Named after the supermarket chain Safeway, which gives employees an insurance discount for keeping their BMI (body mass index) under 30, the plan would allow bosses to reward employees who don't smoke, have their weight under control or even have low blood pressure. Employee health would be checked through questionnaires, body measurements and maybe a cheek swab.

Currently, employers can only charge up to 20 percent of the premium, though this limit only applies to programs that measure health outcomes, not participation.

"Right now, companies can offer 100 percent off on your insurance, the sky is the limit, for simply participating in the wellness program. The limitation only comes to bear when the employee meets some health outcome," Dick Woodruff, policy director of the American Cancer Society (ACS), tells DOTmed News. "For instance, an employer can give all employees a 50 percent discount for enrolling in a smoking-cessation course, but not for actually quitting smoking," he says.

Proponents of the plan believe this is a way to encourage healthy behavior while controlling burgeoning health care costs. In a recent interview with NPR, Safeway CEO Steve Burd said that most of his employees approved of his plan, in which workers with a BMI above 30 pay an extra $318, but are still eligible for a year-end discount if their BMI drops by 10 percent.

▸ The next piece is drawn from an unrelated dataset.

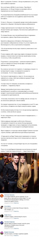В то же время сам Саленко, в отличие от девушки, настроен на настолько категорично. Парень уверяет окружающих, что они с подругой лишь поссорились и Фрост значительно преувеличивает, говоря об окончательном расставании.

But, perhaps unexpectedly, many medical and health groups, such as the American Heart Association and the American Cancer Society, disagree.

"It's a way for companies to cherry-pick employees," Woodruff says.

Woodruff says that a worker with a family who does not meet the wellness guidelines under the new plan could be forced to pay almost $6,000 more a year. "They can be priced out of the market," he says. "Insurance becomes expensive to them, too expensive to buy. It becomes a barrier to coverage and access to care."

Woodruff, along with leaders from other health groups, fears that because employees who get an increased premium will not be able to pay for it, they will drop it altogether, perhaps by joining a plan that their spouse holds, thereby saving their employers money.

"We support the whole idea of workplace wellness. Wellness in general and prevention are hugely important for this organization," Woodruff says. He thinks that companies who want to encourage healthy living could give other incentives, such as bonuses, gift cards, vacation days or even time off to exercise.

He also suggests that some of the targets might not even be in the employee's control. "To suggest all overweight people can somehow lose weight, isn't right. The evidence doesn't support that," he says, and he adds the same could be true of high blood pressure or high cholesterol.

"The only groups really pushing this are the employer community," he says.

Still, the plan does require that employers offer employees an alternative if they have a disability or are otherwise unable to meet the guidelines. What exactly this would mean in practice has not been defined.